Eltern berichten, dass die Aufgaben, die die Kinder bekommen, oft unmodern und langweilig seien und einige Lehrer offenbar weit hinter den digitalen Fähigkeiten ihrer Schüler zurückliegen. Weil diese Probleme nicht neu sind, hatte der Bund schon vor Monaten einen milliardenschweren Digitalpakt für Bildung auf die Beine gestellt. Das Geld wird allerdings nur spärlich abgerufen.

Hygienevorschriften bei brütender Hitze - eine echte Herausforderung

Auch die Corona-bedingten Hygienevorschriften machen vielen Schülern und Lehrern zu schaffen. Im bevölkerungsreichsten Bundesland Nordrhein-Westfalen hat am Mittwoch die Schule wieder begonnen – bei brütender Hitze und unter besonders strengen Vorgaben. Schüler ab der fünften Klasse müssen auch im Unterricht Maske tragen. Diese Regelung gilt flächendeckend bisher nur in NRW. Dass das bei der derzeitigen Hitze kein Vergnügen ist, kann sich jeder vorstellen. Erste Eltern klagen schon gegen diese Vorschrift. Anderswo mussten Schulen kurz nach dem Start wieder schließen, weil Schüler an Corona erkrankt waren – zum Beispiel in Mecklenburg-Vorpommern.

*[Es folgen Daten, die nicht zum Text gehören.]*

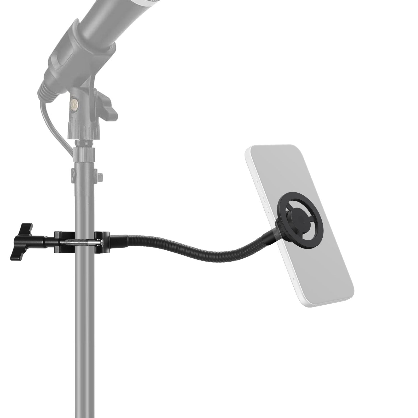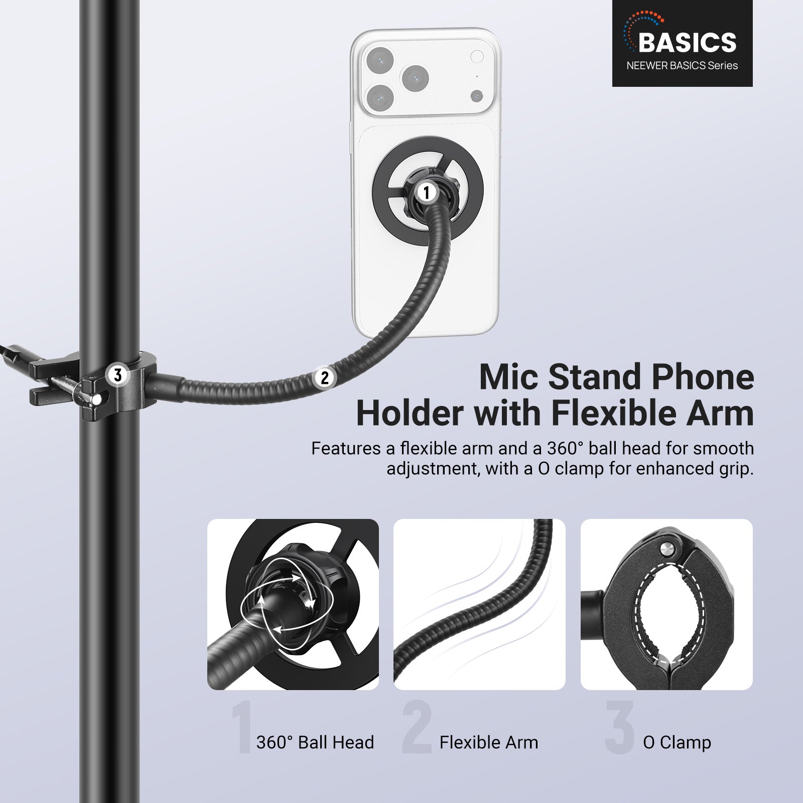 • Supporto per telefono con braccio flessibile - Il supporto per microfono è dotato di un braccio flessibile e di un morsetto a O, entrambi realizzati in robusta lega di alluminio, per fissare saldamente il telefono al supporto per microfono, garantendo un'eccellente stabilità. Il tubo flessibile e la testa a sfera in metallo consentono regolazioni fluide, mentre il supporto per telefono aderisce saldamente al dispositivo, ideale per vlog, streaming live, registrazione audio e video, podcast e altri tipi di riprese video.
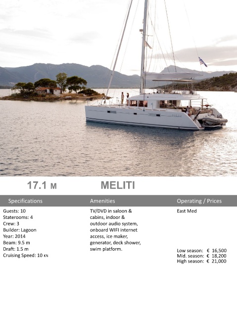 Cruising Speed: 10 KN Mid. season: € 18,200

Die Große Koalition in Berlin will die Versäumnisse in der Schulpolitik nicht länger hinnehmen

Grundsätzlich ist Bildung in Deutschland in der Verantwortung der Bundesländer, aber so einfach ist es nicht. Für die Bekämpfung der Folgen der Corona-Pandemie ist die Bundesregierung auf jeden Fall mitverantwortlich. Und so haben die Bundeskanzlerin und die Vorsitzende des Koalitionspartners SPD, Saskia Esken, zu einem informellen Schulgipfel nach Berlin eingeladen. Außerdem dabei: Bundesbildungsministerin Anja Karliczek (CDU) und jeweils drei Kultusminister aus SPD- und CDU-geführten Bundesländern.

Die Probleme, die hier beraten werden, gab es schon vor den Sommerferien – der Gipfel also deutlich zu spät. Und Beschlüsse wird es auch nicht geben. Am Ende werden die Versäumnisse in der Bildungspolitik die Schüler tragen müssen. Für die Bildungspolitiker heißt das: Nachsitzen!